The permanent members were originally drawn from the victorious powers after World War II: the Republic of China, France, the Soviet Union, the United Kingdom, and the United States. In 1971, the People’s Republic of China was awarded the Republic of China’s seat in the UN by UN General Assembly Resolution 2758. In 1991, the Russian Federation acquired the seat originally held by the Soviet Union, including the Soviet Union’s former representation in the Security Council.

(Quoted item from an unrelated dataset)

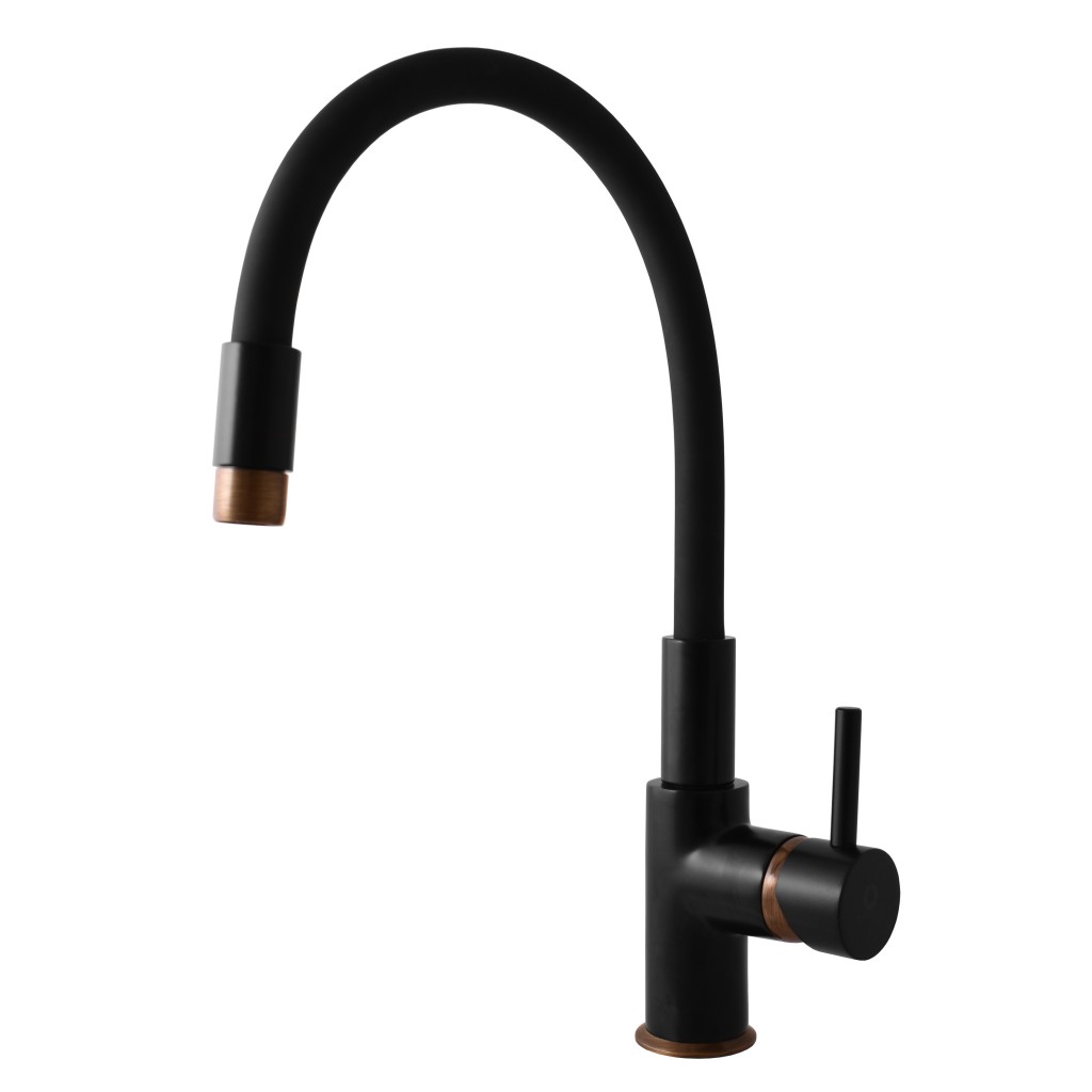 Vodovodní baterie dřezová stojánková s flexibilním otočným ramínkem.

There has been discussion of an increase in the number of permanent members. The countries who have made the strongest demands for permanent seats are Japan, Germany and India. Indeed, Japan and Germany are the UN’s second and third largest funders, respectively, while Germany and India are among some of the largest contributors of troops to UN-mandated peace-keeping missions. India’s claim is quite justified for permanent membership in the expanded UN Security Council as it is the world’s largest democracy, a rapidly growing economic power and a major contributor to the peace-keeping operations. On any objective grounds, India is well qualified for permanent membership.
Moreover, the Third World and other developing countries are underrepresented when it comes to policy and decision-making at the UN Security Council, especially with the absolute and imperative veto power of the permanent members. The inclusion of India is necessary in order to promote the balance of power and interests between western industrial nations and developing nations in the world’s legislative body. This would equip the Security Council to confront the grave challenges that confront the international community in the 21st century.